Idiopathic hypertrophic pyloric stenosis occurs in approximately 1-2 of each 1,000 births.2,3 This risk of pyloric stenosis is much greater in infants who receive a macrolide during the first two weeks of life. Macrolide use between two and six weeks of age also is associated with a risk of pyloric stenosis, although less so.2-4

Tita and colleagues found that treating 17 women with azithromycin would prevent significant postpartum complications in one woman. With reasonable medical care, endometritis, postpartum wound infection, and pyloric stenosis are only very rarely life-threatening. Even if pyloric stenosis rates increased dramatically (from 1-2 per 1,000) due to maternal use of azithromycin, pyloric stenosis still would be very much more rare than the prevented maternal infections.

What about the development of the infant microbiome?

The use of intrapartum antibiotics, whether with cesarean section or vaginal delivery, is associated with variations in the subsequent infant intestinal microbiome.5 These changes in microbiome can persist up to 1 year of age.5 However, the implications of these alterations in infant microbiome have not yet been elucidated.

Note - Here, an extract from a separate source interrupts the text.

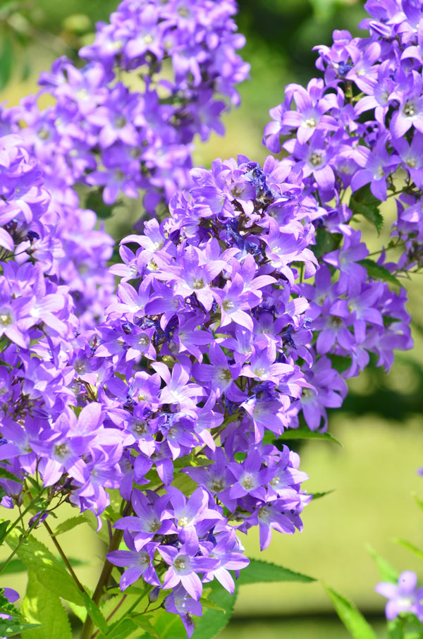 Campanula lactiflora "Prichard's Variety" - Колокольчик молочноцветковый "Причард'с Вариети". Многолетнее растение с прямыми, облиственными, ветвистыми стеблями 120-150 см высотой. Цветки лавандово-голубые, до 3-4 см в диаметре, собраны в крупные кистевидные соцветия, насчитывающие до 80-100 цветков.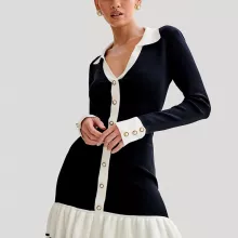 Use our battle tested marketing materials for Elegant V-Neck Ruffled Knit Mini Dress for Women - Stylish Autumn Fashion

Thus, Tita and colleagues have provided an excellent randomized, blinded, multicenter large study showing that peripartum intravenous azithromycin is associated with a significant reduction in common postpartum maternal complications. Even pending further studies, it would be reasonable to include azithromycin in the pre-incision prophylaxis provided to women undergoing non-elective cesarean section.

REFERENCES

  1. Martin JA, Hamilton BE, Osterman MJ. Births in the United States, 2014. NCHS Data Brief 2015 Sep;(216):1-8.
  2. Lund M, Pasternak B, Davidsen RB, et al. Use of macrolides in mother and child and risk of infantile hypertrophic pyloric stenosis: Nationwide cohort study. BMJ 2014;348:g1908.
  3. Eberly MD, Eide MB, Thompson JL, Nylund CM. Azithromycin in early infancy and pyloric stenosis. Pediatrics 2015;135:483-488.
  4. Murchison L, De Coppi P, Eaton S. Post-natal erythromycin exposure and risk of infantile hypertrophic pyloric stenosis: A systematic review and meta-analysis. Pediatr Surg Int 2016 Sep 21 [Epub ahead of print].
  5. Azad MB, Konya T, Persaud RR, et al; CHILD Study Investigators. Impact of maternal intrapartum antibiotics, method of birth and breastfeeding on gut microbiota during the first year of life: A prospective cohort study. BJOG 2016;123:983-993.